Rehab ‘explosion’ as youth switch on to tik

Posted 5 CommentsPosted in Blog, Uncategorized

USE of the debilitating drug tik has exploded in Nelson Mandela Bay, with experts saying it has become the drug of choice among youth due to its availability and affordability.

While there are no official statistics on the severity of the problem, Shepherd‘s Field Rehabilitation Centre outside Port Elizabeth reports that tik addicts now account for 57 per cent of its patients.

And the SA National Council on Alcoholism and Drug Dependence (Sanca) in Port Elizabeth said its number of addicts on tik had more than doubled in the last six months.

As the second cheapest drug on the streets after dagga, tik has saturated the city‘s poorest communities.
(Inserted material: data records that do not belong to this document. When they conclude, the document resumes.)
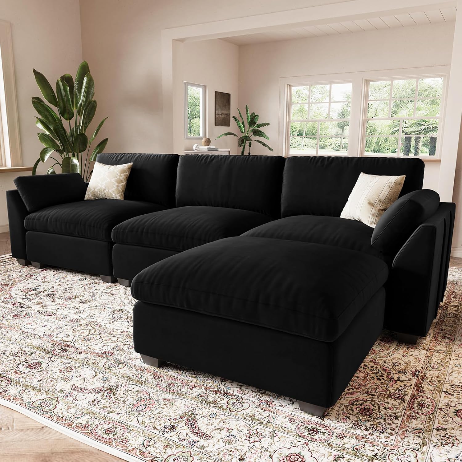 Belffin Extra Large Modular Sectional Sofa,106.3" 4-Seater L Shaped Couch,Velvet Convertible Sectional Couches for Living Room,Comfy Upholstered Modern Cloud Couch,Black Sofa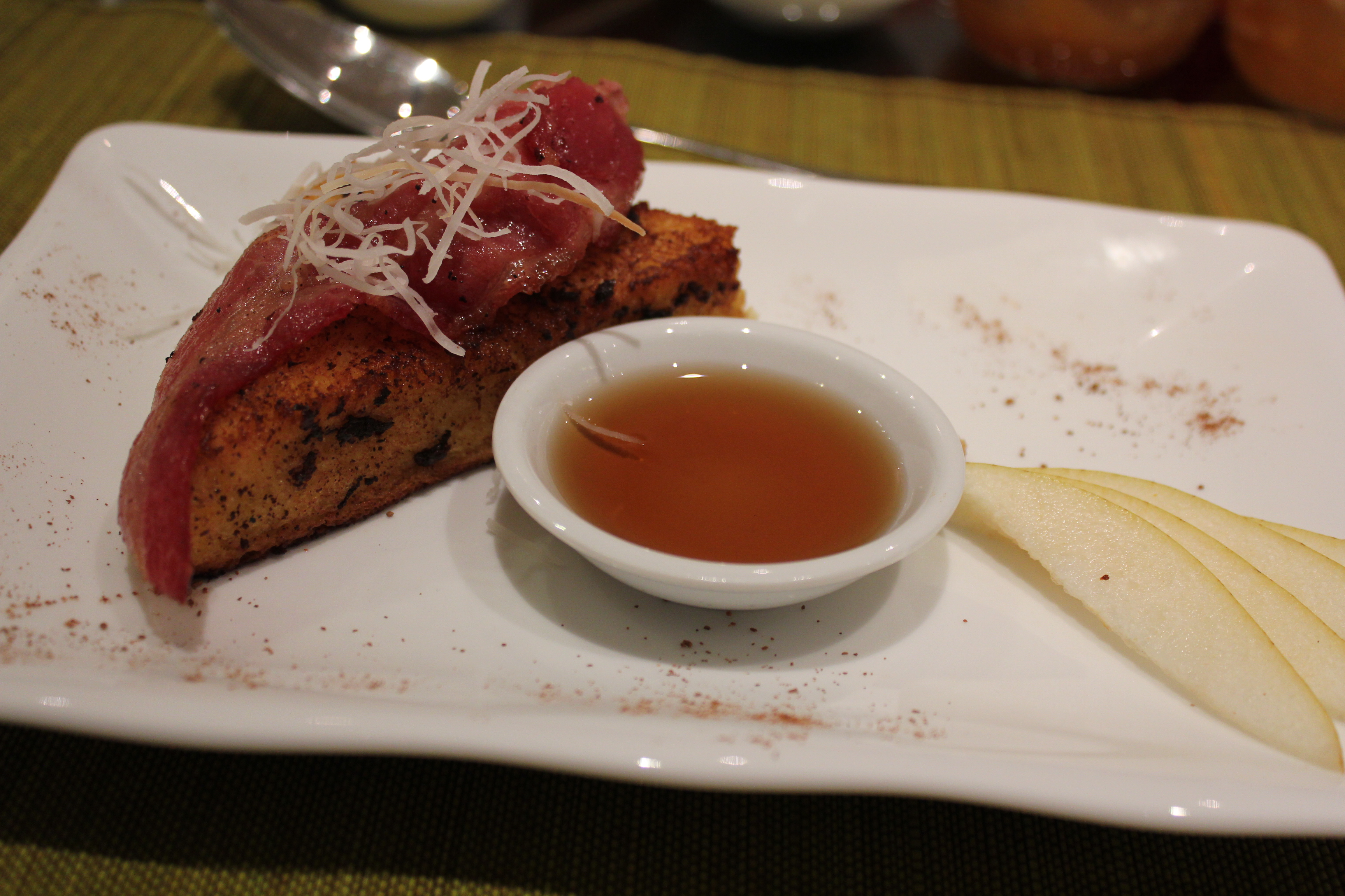 * For a Western flavor, I had half the portion of French toast: thick cut French toast served with real Canadian maple syrup, bacon and shredded coconut. The combination of flavors and textures among the sweet syrup and the salty and crunchy bacon, the sweet and softly crispy coconut shreds, and the sweet and buttery toast is such a pleasure in the mouth.
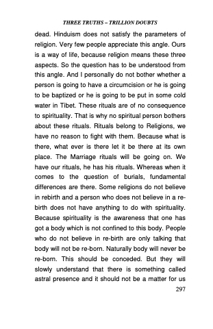 dead. Hinduism does not satisfy the parameters of religion. Very few people appreciate this angle. Ours is a way of life, because religion means these three aspects. So the question has to be understood from this angle. And I personally do not bother whether a person is going to have a circumcision or he is going to be baptized or he is going to be put in some cold water in Tibet. These rituals are of no consequence to spirituality. That is why no spiritual person bothers about these rituals. Rituals belong to Religions, we have no reason to fight with them. Because what is there, what ever is there let it be there at its own place. The Marriage rituals will be going on. We have our rituals, he has his rituals. Whereas when it comes to the question of burials, fundamental differences are there. Some religions do not believe in rebirth and a person who does not believe in a re- birth does not have anything to do with spirituality. Because spirituality is the awareness that one has got a body which is not confined to this body. People who do not believe in re-birth are only talking that body will not be re-born. Naturally body will never be re-born. This should be conceded. But they will slowly understand that there is something called astral presence and it should not be a matter for us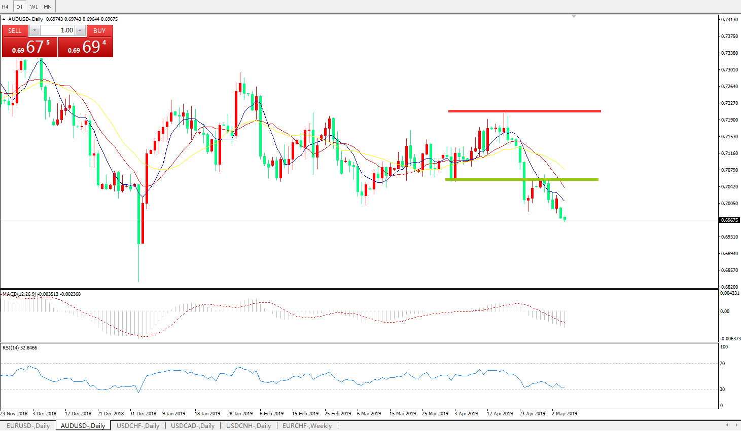 交易策略:在0.7110之下,看跌,目标价位为0.7000,然后为0.6920。
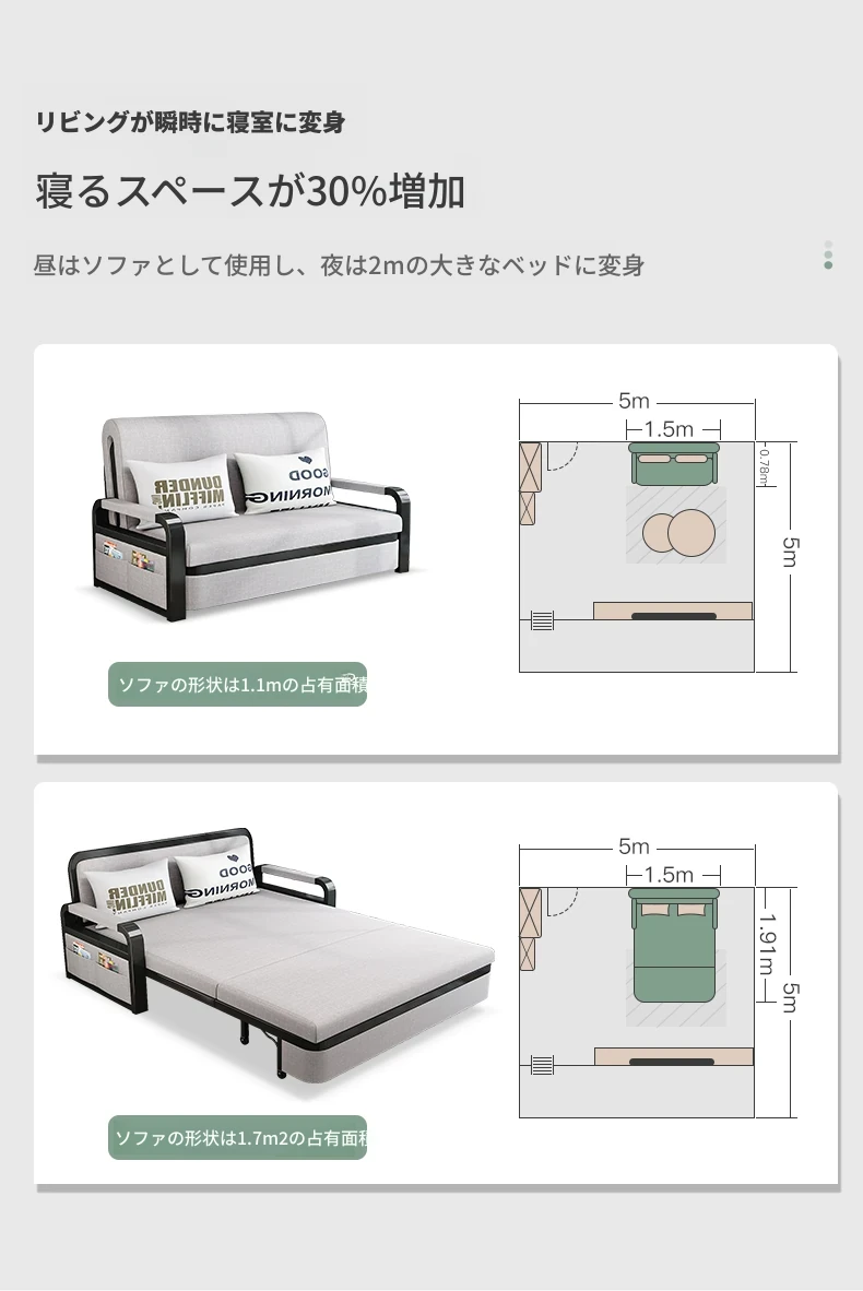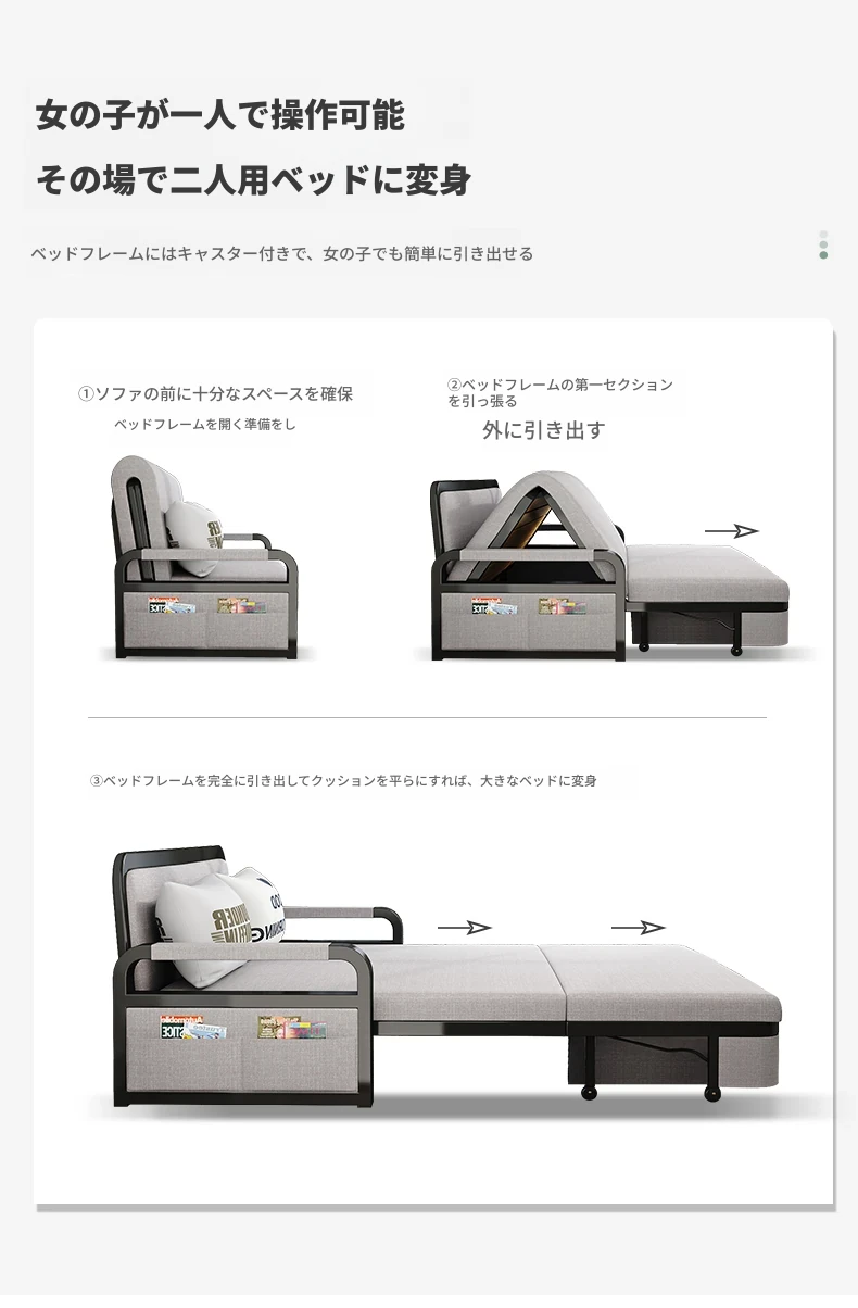 折りたたみソファベッド|小型リビングに最適な多機能伸縮ソファ|ネットで人気の洗える布製シングルソファベッド|スペースを有効活用して快適な空間を演出!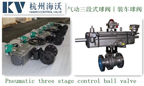 气动三位式装车球阀是一种能实现两步开或两步关动作的切断阀,可以在打开或关闭过程中停顿一次,根据系统要求精确控制流量,尤其适用于化工或油品装车系统中,使开阀、关阀速度减缓,管道流体变化平稳,不会因冲击产生水锤现象是易燃流体发生爆炸;例如阀门一次全部打开,开始装车,当流量接近设定值时,阀门关闭到小流量状态,当达到设定值时阀门全部关闭。小流量可以在0~45%之间现场设定,比如5%,8%,10%,15%等,最终达到精确控制。

The drug can get a buyer a “high” for just R20, but experts warn it causes parts of the brain to “dissolve” after prolonged use.

Tik is made up primarily of crystal methamphetamine, but can also include a number of household products such as anti-freeze, slimming drugs, rat poison and household cleaning products.

Sanca information, training and education co-ordinator Zarina Ghulam said the drug had infiltrated the northern areas of Port Elizabeth specifically and that the number of users was growing rapidly.

“From July to December last year, we‘ve seen a huge jump of tik users coming to us for treatment.

“It went from 3,1% to 7,2% in those six months. Although we do not have the latest figures available for the last couple of months, I can definitely say the numbers are growing rapidly.

“The majority of the people who come to us for tik abuse are from the northern areas and it‘s moving to Uitenhage.”

Tik was first identified as a potential problem in the Bay two years ago when gangsters were being paid for poached perlemoen with tik by Cape Town crime barons.

Shepherd‘s Field chief executive Gerrie Cronje said the number of tik users at their centre accounted for 57% of people admitted for substance abuse.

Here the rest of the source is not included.